You got a friend in me
Sophie hit 18 months old last week and, apparently, she’s got herself an actual friend!
Not just a playmate by virtue of her mummy having friends with kids, but someone who she wants to play with for herself! Amazing!
It was very cute hearing how her and this girl “Isla” had been playing at nursery one day, particularly as Sophie had decided she could say Isla’s name and therefore was wandering round aimlessly repeating it.
Sounds more like someone who has loved and lost but she’s just enjoying the sound it makes!
And it got me thinking what friendships have looked like for Sophie in her first year and a half. She has done quite well for herself.
The “friend since birth”
When I was at school, there was a girl who had been born just a day after me but we never really moved in the same friendship circles.
Sophie however and baby E, even though she’s based at the other end of the country, have been forced friends and now genuine friends from the moment they were born.
Baby E was meant to be a month older than Sophie but they ended up only four days apart and they are so lovely together.
First of all, it was lying next to each other on the playmat, both pulling at different multi-coloured noisy creatures before their parents shifted them round.
Then, it was sitting next to each other in their highchairs, trying to convince one another to eat the food we’d slavishly made for them.

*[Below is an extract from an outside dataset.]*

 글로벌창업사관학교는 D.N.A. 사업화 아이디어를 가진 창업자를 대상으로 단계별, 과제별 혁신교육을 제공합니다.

Now though, and most wonderfully, it’s to follow each other around relentlessly repeating each other’s names and giggling at one another in the mirror. Oh and tag team splashing in the bath, soaking anyone within a 5 metre radius!
The friends you see every day
Since she started nursery, Sophie has experienced what we all have to do at some point – being put together with other people in the same situation through no choice of your own.

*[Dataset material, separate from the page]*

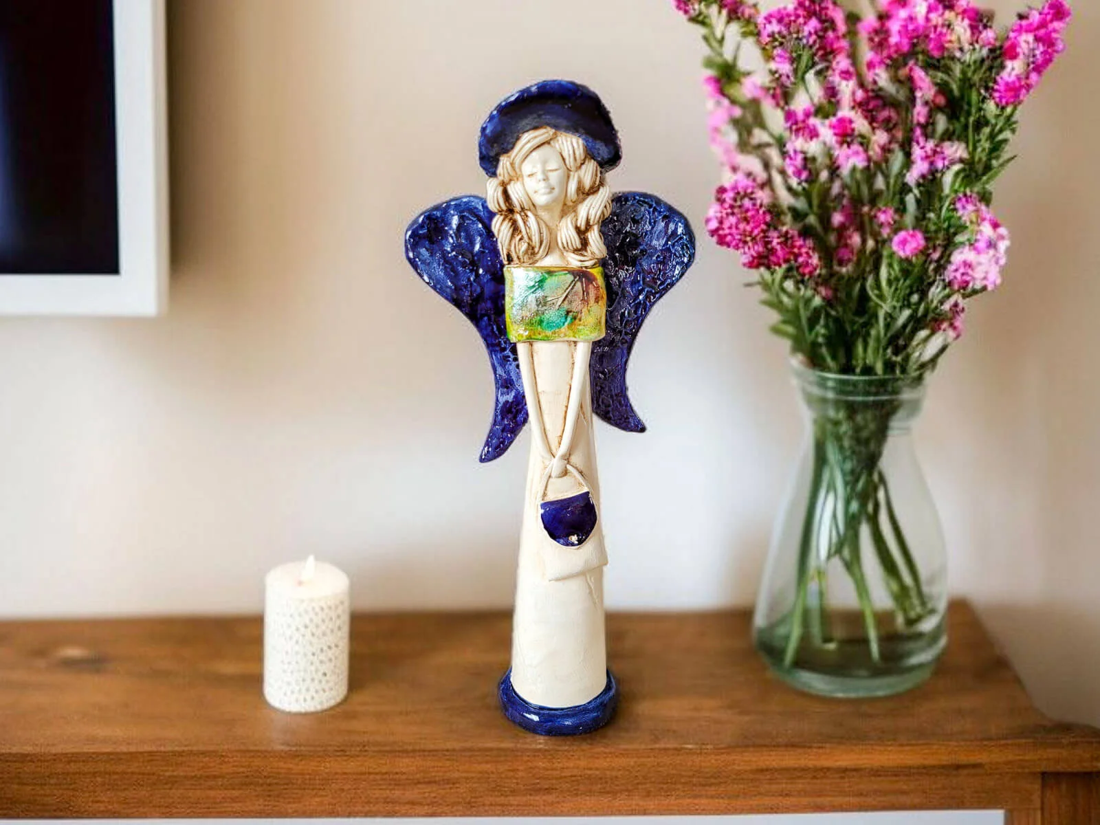 Anioł Margaret - chabrowy -  32 cm figurka dekoracyjna gipsowa

School. Workplace. Nursery. They’re all the same when it comes to the initial connection.
Sophie’s had her ups and downs with nursery friendships. Remember the biting incident from a few months back. But now she’s a bit bigger and a bit more confident, she does seem to be making friends at nursery and not just finding her own individual spaces to play in.
It’s really lovely!
The friends who are older
These guys are wonderfully kind to Sophie. There’s a network of older girls belonging to mine and my wife’s wider friendship group and they have always been really excited to see Sophie. She’s the younger one but as she’s grown up so obviously have they and the way they look after her and interact with her is very kind.
It can get a little bit close to the bone occasionally. For instance, older children are happy for Sophie to play with them on their terms and will sometimes guard their own possessions like hawks, only allowing Sophie access when they are comfortable with it.
Or they may pull her around a little bit and treat her like one of their dolls, just because she’s smaller and more fragile. I have had Sophie bury herself in my legs a couple of times to hide from the scary older girls who mean well but can be a bit loud and a bit too big for her.
However, these situations are rare compared to the love and attention she has always received from older children. She’ll be such a lucky girl if these can maintain all the way up to and through her teenage years.
So there you have it. Sophie is making friends and with every new person that comes into her life she takes a step away from us and towards independence. At the moment, she’s a sociable and happy little girl. We hope she never loses the confidence to interact with others but in every situation we’ll be there to back her up if she needs us.